Tom Hanks embodies Chesley “Sully” Sullenberger in much the way he became Walt Disney.  Hanks and Aaron Eckhart (The Dark Knight) as co-pilot Skyles are good partners in this movie.  Eastwood does not develop any of the other characters and did not use Laura Linney’s talent–as Sully’s wife, she is seen mostly tearful and on the phone.  Anna Gunn (Breaking Bad), as one of the NTSB investigators, is also pretty one dimensional.  The movie tells a story we know and still manages to create drama and deliver a hero.  Be sure to stay for the credits (surely this goes without saying).

Genius

A new review from The Movie Snob.

Genius  (B).  This movie isn’t doing too well with the critics (current score of 56 over at metacritic.com) but I think they are somehow overlooking the fact that Nicole Kidman (Dead Calm) is in the movie.  Just kidding!  Anyhoo, perhaps my low expectations led me to enjoy it more than I otherwise would have.  It’s a biopic about editor Max Perkins (Colin Firth, The King’s Speech) and novelist Thomas Wolfe (Jude Law, Sky Captain and the World of Tomorrow).  Back around the year 1929, Wolfe was a manic would-be writer out of North Carolina with a married mistress (played by Kidman), and Perkins was a buttoned-down family man with five daughters.  The movie basically just tells the story of their sometimes-difficult relationship as Perkins shaped Wolfe’s thousands of pages into manageable novels that met mainstream and critical success.  Other authors that Perkins edited also pop up, like a washed-up F. Scott Fitzgerald (Guy Pearce, Memento) and a macho Ernest Hemingway (Dominic West, 300).  And the always-welcome Laura Linney (Mr.
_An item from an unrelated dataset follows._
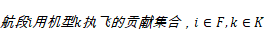 表示对于将要起飞的j航班,在其起飞前从该机场出港的航班集合;(4)-(6)表示每个过夜基地飞机的起飞数量与过夜数量要相等并且要等于机队各机型的飞机数量;(7)表示每个航段执飞频率要在给定的范围内;(8)表示繁忙机场时刻量要等于给定的时刻量;(9)表示同一航段各航班间起飞时刻分布要满足给定要求。
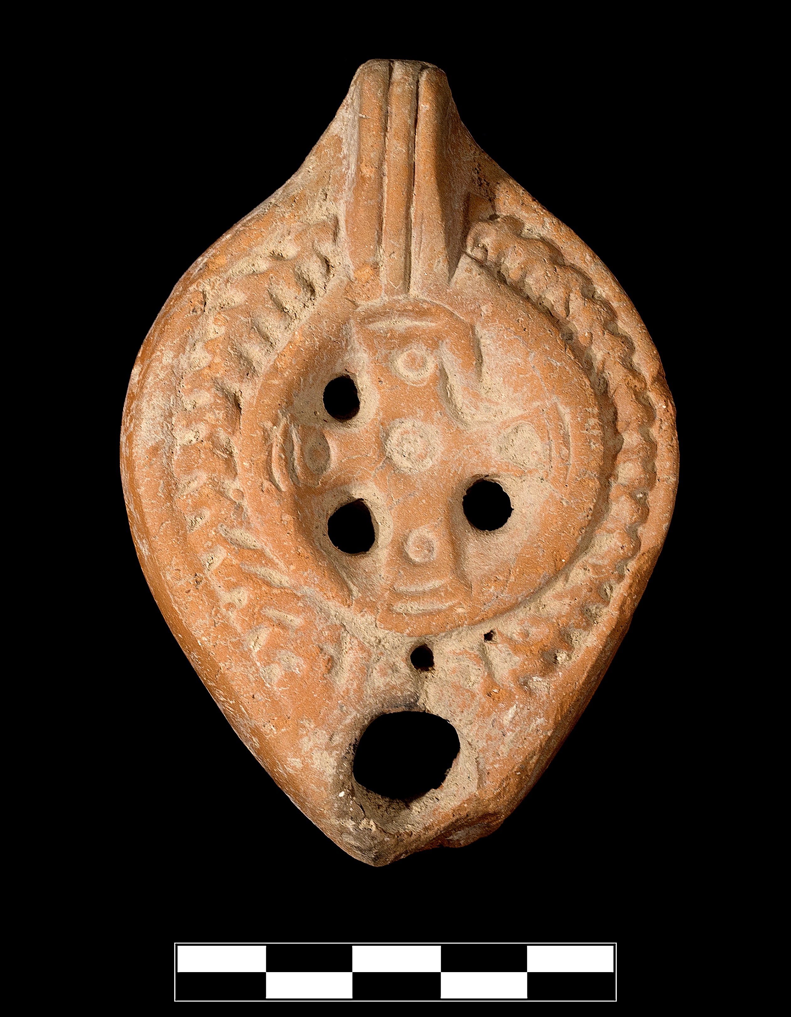 Tear-shaped outline. Circular, concave discus with raised rim has relief of cross monogram with rho (small loop) open right, four single circles at ends of arms and one double circle at intersection, and single transverse grooves at ends; three holes in quadrants. Sloping shoulder has herringbone in low relief. Rounded nozzle framed by single angled grooves has airhole at top flanked by single circles and a short groove to wickhole; traces of burning. Short, thick, solid handle has two grooves; lower handle has flanking grooves. Slight webbing. Flat base has three single circles at top and one at bottom and double almond-shaped grooves around incuse signature: ΗΡ|Ν(?)[.|ΟΥ (reading uncertain).

Holmes) has a small part as Mrs. Perkins.  I thought it wasn’t a bad movie.  It may have helped that I had actually read one of Wolfe’s novels, Look Homeward, Angel; you can read my review here and see if it sounds like your cup of tea.

Mr. Holmes

From the desk of The Movie Snob.

Mr. Holmes  (B+).  This movie features an Oscar-bait performance by Ian McKellan (The Lord of the Rings: The Return of the King) as none other than Sherlock Holmes himself.  But this Holmes is 93 years old and has long since retired from his work as a P.I.  Now he tends bees in a seaside village, looked after by a widowed housekeeper (Laura Linney, The Nanny Diaries) and her son Roger (Milo Parker, Robot Overlords).  There’s not a whole lot of plot, but mainly Holmes struggles with his failing memory and tries to recall the details of his last case—the one that spurred him to retire some 30 years earlier, even though he was still in full possession of his faculties.  It is a good little movie, anchored by McKellan’s performance, solidly supported by Linney’s and Parker’s.  I say check it out.

The Skeleton Twins

A new review from The Movie Snob.

The Skeleton Twins (B-).  I wasn’t sure if this movie was really going to be my cup of tea, but I just like the heck out of star Kristen Wiig.  She was such a lovable basket case in Bridesmaids, and such a sweet naïf in Paul.  Well, she’s not so lovable in this tale of adult-sibling dysfunction.  As our movie opens, Milo (Bill Hader, Adventureland), a fairly flamboyant gay man, is unsuccessfully attempting to commit suicide.  After that, his equally depressed twin sister Maggie (Wiig) drags him away from L.A. to stay with her and her amiable husband Lance (Luke Wilson, The Family Stone) for a while in some small town in New York.  Milo and Maggie haven’t spoken for ten years, so it’s tough for them to live under one roof together, but they sort of try to help each other work through their issues in their dysfunctional, sabotaging sort of way.  Hader and Wiig are good actors, so I enjoyed it pretty well, but there have been better movies about the sometimes difficult relationships between adult siblings.  I’d recommend You Can Count on Me, starring Laura Linney and Mark Ruffalo, or The Savages, starring Philip Seymour Hoffman and, again, Laura Linney.

The Squid and the Whale

A DVD review from The Movie Snob.

The Squid and the Whale  (C).  Alas, this is not a movie about a titanic clash between a sperm whale and a giant squid (although there is a connection, oddly enough).  No, this 2005 release is a family drama with a big old side of dysfunction.  The movie stars Jesse Eisenberg (The Social Network) in what I think was sort of a breakout role for him.  He plays Walt, the teenaged son of an unhappily married couple played by Jeff Daniels (Arachnophobia) and Laura Linney (The City of Your Final Destination).  When their parents separate, Walt and his younger brother Frank have trouble dealing with the consequences.  The dad character, a college professor and fading novelist, is an insufferable jerk, and Walt shows disturbing signs of turning out the same way, such as in his dealings with his rather sweet girlfriend Sophie (Halley Feiffer, Margot at the Wedding).  Anna Paquin (X2) co-stars as one of the dad’s college students who is obviously trouble.  Anyway, it’s an okay movie for what it is, I guess, and at only 81 minutes long it doesn’t overstay its welcome.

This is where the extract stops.